Status certificates are dealt with in s. 76 of the Condominium Act, 1998 which is a consumer protection statute. The purpose of a status certificate (for a purchaser) is so that the purchaser can make an informed purchase decision. The reason that this is important to a purchaser is that condominium unit owners are personally liable for the debts and liabilities of a condominium corporation. Therefore, the purchaser wants to ensure that he/she is not purchasing an existing or known liability. The effect of giving a status certificate is that the status certificate is binding on the condominium corporation with respect to the information it contains or is deemed to contain as of the date it is given.
One risk that a condominium purchaser assumes on closing, is that a liability will arise as early as the day after he/she closes the transaction of purchase and sale. Such risk does not apply to known liabilities that were not disclosed in the status certificate. The status certificate protects the purchaser from such liabilities.

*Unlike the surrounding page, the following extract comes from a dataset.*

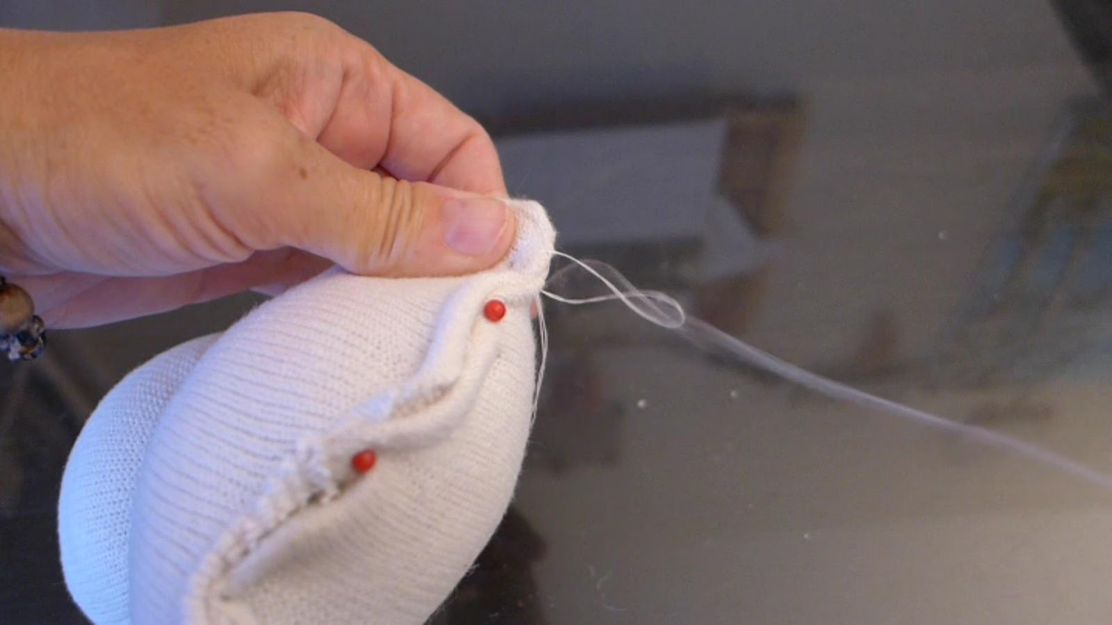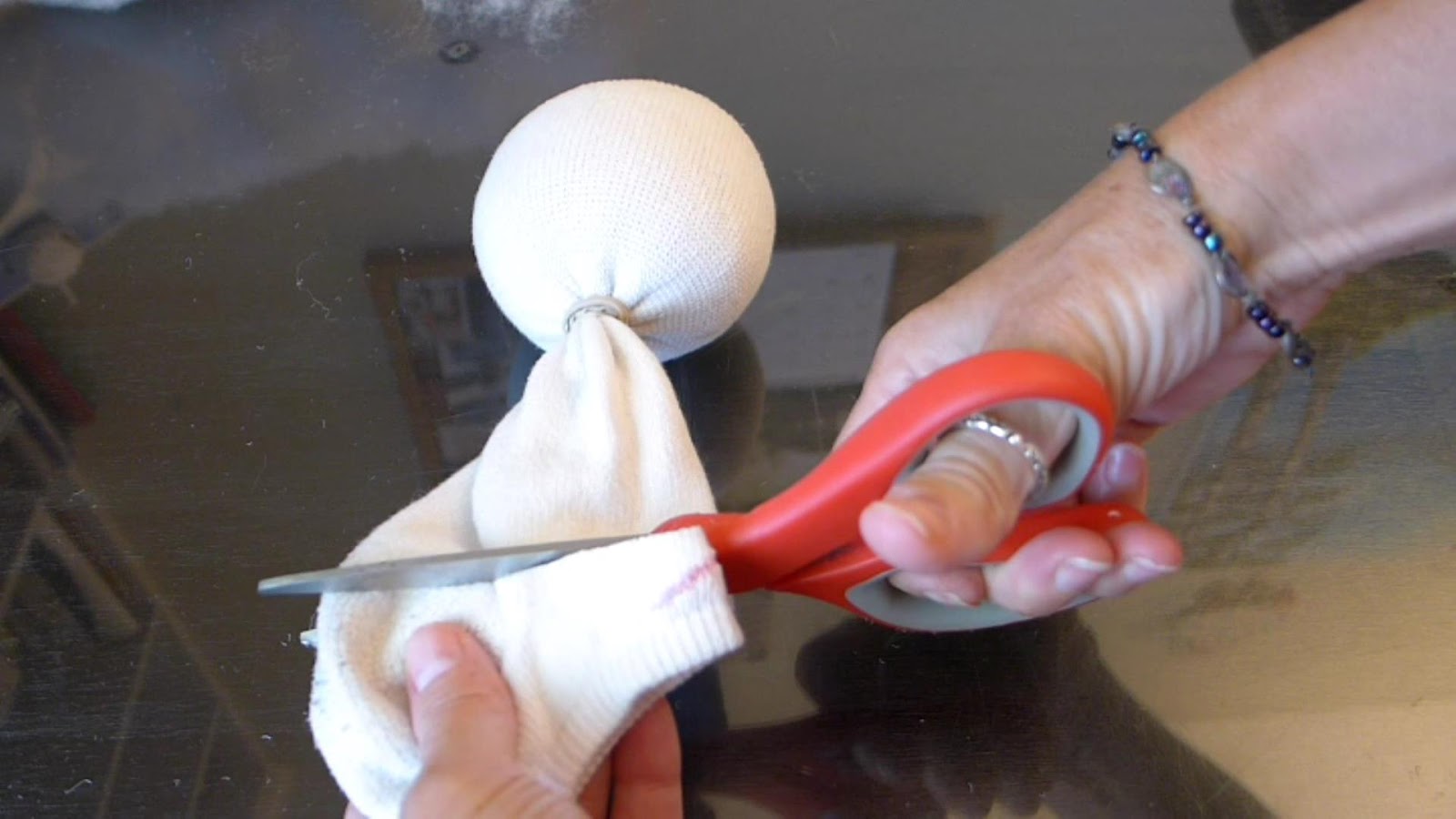 Stuff the toe of the sock with Poly-Fil until the head is the size that you want it. Wrap the rubber band at the base of the head to make the neck. Then cut the heel off of the sock, straight across the bottom like this.

The mandatory form of status certificate is prescribed by the regulations pursuant to the Condominium Act, 1998. Paragraph 12 of the standard form status certificate provides as follows:
12. The Corporation has no knowledge of any circumstances that may result in an increase in the common expenses for the unit [if applicable add: except …………………………………………... (give particulars of any potential increase, including any assessment levied by the board against the unit, and the reason for it)].… [Emphasis Added]
It is important to note that the focus of paragraph 12 is not whether the common expenses will increase, but rather on whether there are “circumstances” known to the condominium corporation which might possibly cause the common expenses to increase.
For this reason, it is critical that before a status certificate is signed and delivered, proper thought is given to the contents of the status certificate as a whole, but especially to paragraph 12.